A skier starts from rest at the top of a hill that is inclined at 9.8° with the horizontal. The hillside is 170 m long, and the coefficient of friction between snow and skis is 0.0750. At the bottom of the hill, the snow is level and the coefficient of friction is unchanged. How far does the skier glide along the horizontal portion of the snow before coming to rest?

Question

A skier starts from rest at the top of a hill that is inclined at 9.8° with the horizontal. The hillside is 170 m long, and the coefficient of friction between snow and skis is 0.0750. At the bottom of the hill, the snow is level and the coefficient of friction is unchanged. How far does the skier glide along the horizontal portion of the snow before coming to rest?

Answer 1

during the slide down the hill:

use a=gSin9.8-mu*gCos9.8 to find vel. at the base of the incline. For the horizontal part accleration is -mu*g - to find the distance covered.
Figure it out based on the above hint

Answer 2

To find the distance the skier glides along the horizontal portion of the snow before coming to rest, we can break down the problem into two parts:

1. Finding the skier's velocity at the bottom of the hill.
2. Using the skier's velocity to determine the distance traveled along the horizontal portion of the snow.

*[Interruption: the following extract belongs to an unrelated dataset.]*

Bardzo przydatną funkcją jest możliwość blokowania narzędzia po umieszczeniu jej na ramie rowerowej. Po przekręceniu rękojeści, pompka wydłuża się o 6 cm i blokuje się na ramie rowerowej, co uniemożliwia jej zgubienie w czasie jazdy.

Part 1: Finding the skier's velocity at the bottom of the hill

The skier's initial velocity at the top of the hill is 0 since they start from rest. We can find the skier's final velocity at the bottom of the hill using the conservation of energy:

Potential Energy at the top of the hill = Kinetic Energy at the bottom of the hill

The potential energy at the top of the hill can be calculated using the formula:

Potential Energy = mass * acceleration due to gravity * height

Since the skier is on an inclined plane, the height can be calculated using the formula:

Height = hillside length * sin(theta)

where theta is the angle of inclination (9.8°) converted to radians.

The kinetic energy at the bottom of the hill can be calculated using the formula:

Kinetic Energy = (1/2) * mass * (velocity)^2

Now, by equating the potential energy to the kinetic energy and solving for velocity, we can find the skier's velocity at the bottom of the hill.

Part 2: Determining the distance traveled along the horizontal portion of the snow

Once we have the skier's velocity at the bottom of the hill, we can determine the distance traveled along the horizontal portion of the snow using the equation of motion:

Distance = (Velocity^2) / (2 * acceleration)

where the acceleration is the frictional force acting on the skier, which can be calculated using the formula:

Frictional Force = coefficient of friction * Normal Force

The normal force acting on the skier is equal to the skier's weight since there is no vertical acceleration:

Normal Force = mass * acceleration due to gravity

Now that we have the frictional force, we can calculate the skier's acceleration using Newton's second law of motion:

Acceleration = Frictional Force / mass

Finally, using the skier's velocity and acceleration, we can calculate the distance traveled along the horizontal portion of the snow.

Therefore, to find the distance the skier glides along the horizontal portion of the snow before coming to rest, apply the above steps and calculations.